Business continuity

In today’s highly competitive and fast-moving marketplace, business interruptions put at risk revenue, hard-won customer relationships and corporate reputations. Adopting a laissez-faire attitude towards potential catastrophes and reacting only when disaster strikes will leave businesses exposed.

Business continuity planning (BCP) can minimise the impact of unforeseen disruption. While it won’t stop disruption occurring, BCP can improve an organisation’s control of situations and help reduce the risk of a serious disruption resulting in a business-threatening crisis.

Benefits of being prepared

Firms with well-thought through and effective continuity plans stand more chance of returning to ‘business as usual’ in a faster time frame and with minimal pain. An approach which in turn ensures business is retained and clients remain satisfied.

Visible and effective planning can also offer wider reputational benefits – building confidence among staff, suppliers and prospective customers and promoting the company above a less well-prepared competitor.

The regulatory position

Regulatory considerations must also be taken into account. The Financial Services Authority (FSA) requires firms to have in place ‘appropriate arrangements’, with planning tailored to the needs of the business involved. Basel II banking rules, followed by some lenders, require companies to adopt formal business continuity plans. The FSA also recently published a ‘Business Continuity Management Practice Guide’, sharing examples of BCP practice from big names of the industry.

Principles and pitfalls

A practical and business-centric way of approaching BCP is to focus on a number of critical elements which are imperative to remain functional should unforeseen disruption occur. Such elements include crisis management, workplace locations, IT, people and processes. It is also important that plans are tested regularly. Plans without regular maintenance and review checks often become unworkable and will be ineffective should they need to be employed.

Crisis management

One area sometimes overlooked in BCP concerns the chain of command and responsibility during a crisis. Designating defined roles in advance of any unfortunate circumstances can maintain order and traceability throughout a situation. It can also aid in subsequent events such as communicating with the media.

Location

Should a company’s head office become unusable, alternative workspace arrangements need to be set in place. Larger companies may have the luxury of additional sites, however, smaller firms might need to consider a shared arrangement with a business partner. The cost of third party space can be reduced by as much as 80 per cent by contracting to a syndicated first-come first-served arrangement.

Distances to earmarked alternative sites must, however, be considered. Premises should be far enough away so as not to incur a similar disaster as the primary site, yet, within a sensible distance for staff.

IT

Day-to-day implementation of IT back-up is a hardened and almost subconscious rule among most firms. Nevertheless, few businesses consider separate sites to enclose IT systems should they incur severe data or network losses. Systematic and conclusive alternatives to maintain communication, should IT systems fail, must also be continually considered.

People and processes

Asking staff to work from home is another option if a site becomes unusable. Some business continuity plans consider Voice Over IP (VOIP) internet telephony as a workable solution to redirect business calls without customer knowledge. However, companies should be aware that if employees are requested to work from home the company is still liable for their health and safety by law.

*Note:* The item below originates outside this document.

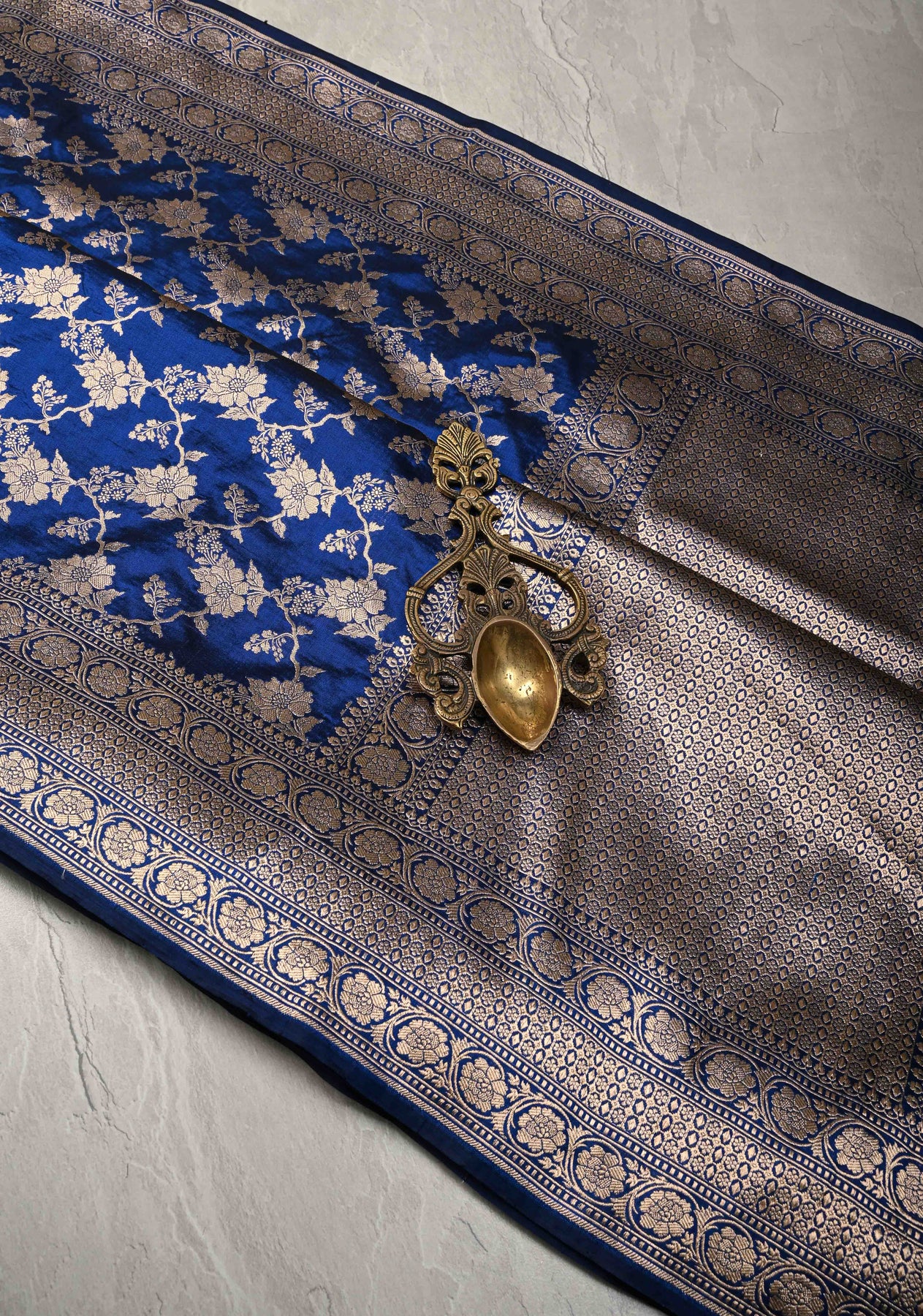 Royal Blue Banarasi Katan Silk Saree with Floral Brocade Jaal and Zari Border | SILK MARK CERTIFIED

If critical business tasks fall to the expertise of a few staff, it is necessary to consider whether key people should work in separate locations.

BCP is a fairly standard consideration and practice among large networks of brokers who have greater amounts of effort and money to invest in formal planning. However, in this competitive industry all firms are now considering the resources they should be allocating to the task.

While smaller brokers might not have written plans, systems and processes may already be in place. They may already be used to working from home when necessary and some may already subscribe to services to back-up data offsite and allow remote access via the internet. There is also no shortage of business continuity advice that can be drawn upon.

In today’s world of business there is now no room for complacency regarding business continuity. While some borrowers may pray for the day when lenders meet with disruption and repayment details appear untraceable, the industry, with effective planning in place, can remain confident this will never occur.